(Problem requirements): Restate word for word each line from the one containing "A tan Labrador" through the end of the material, and nothing more. Drop every picture.

(Data provided):
┏━━
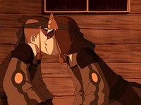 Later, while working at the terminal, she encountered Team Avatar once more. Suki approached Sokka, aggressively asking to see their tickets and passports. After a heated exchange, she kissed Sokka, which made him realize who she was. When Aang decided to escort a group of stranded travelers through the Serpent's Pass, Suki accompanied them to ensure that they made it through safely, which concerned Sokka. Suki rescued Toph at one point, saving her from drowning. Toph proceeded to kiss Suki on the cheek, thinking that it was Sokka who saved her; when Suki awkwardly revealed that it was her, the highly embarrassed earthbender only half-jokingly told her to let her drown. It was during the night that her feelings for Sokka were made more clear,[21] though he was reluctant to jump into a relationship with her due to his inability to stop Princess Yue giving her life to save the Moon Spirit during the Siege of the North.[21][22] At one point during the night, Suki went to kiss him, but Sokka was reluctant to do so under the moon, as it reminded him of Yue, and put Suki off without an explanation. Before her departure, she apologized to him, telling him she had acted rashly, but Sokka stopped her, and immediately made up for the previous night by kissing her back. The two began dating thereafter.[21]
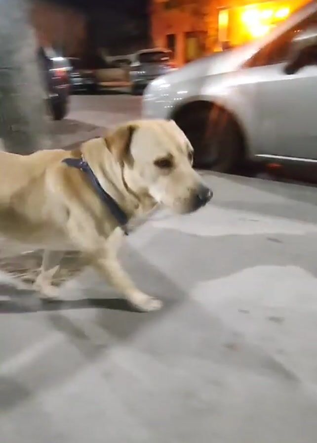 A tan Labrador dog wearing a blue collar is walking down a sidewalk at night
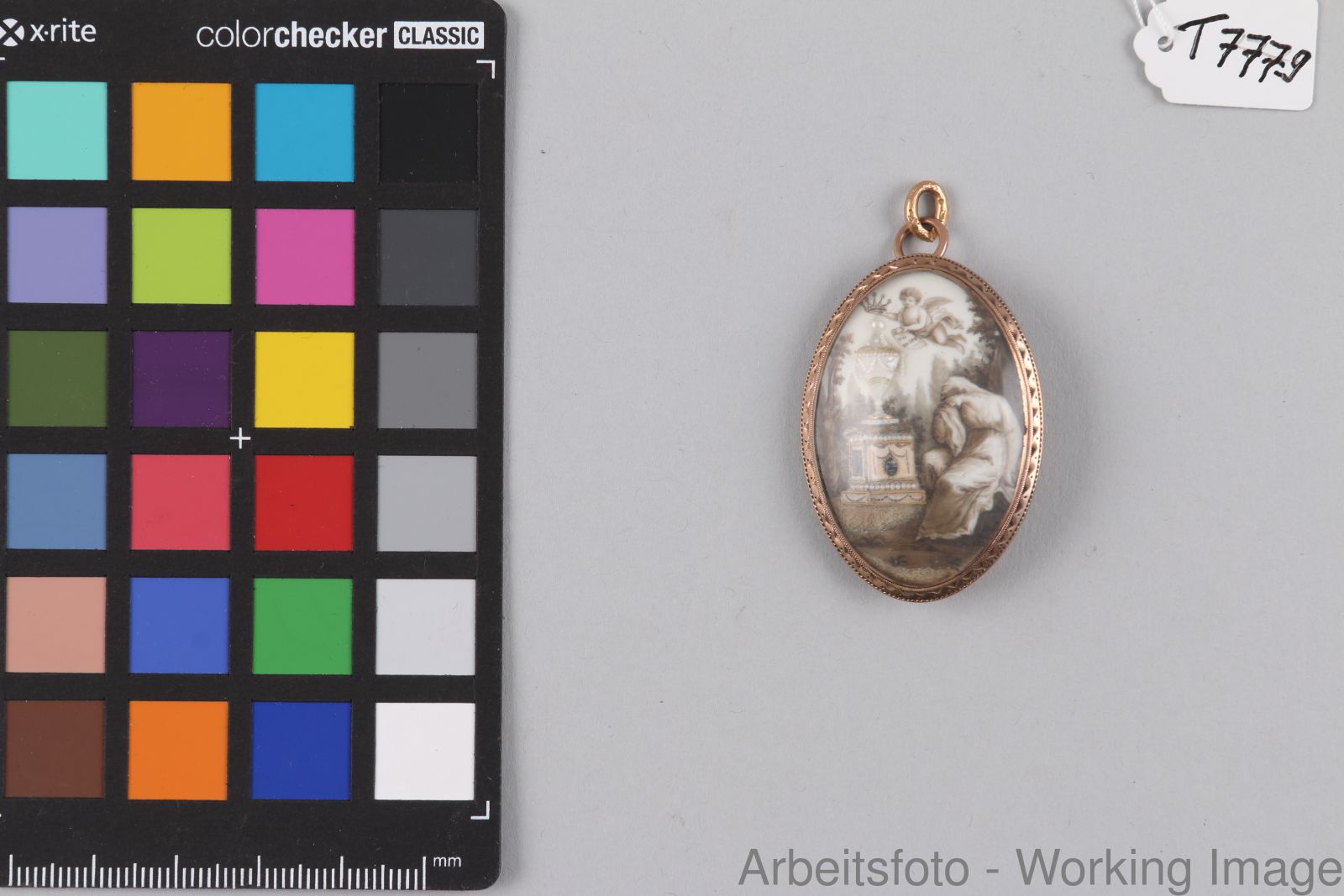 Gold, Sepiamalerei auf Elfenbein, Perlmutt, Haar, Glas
┗━━
(Task output):
 A tan Labrador dog wearing a blue collar is walking down a sidewalk at night
 Gold, Sepiamalerei auf Elfenbein, Perlmutt, Haar, Glas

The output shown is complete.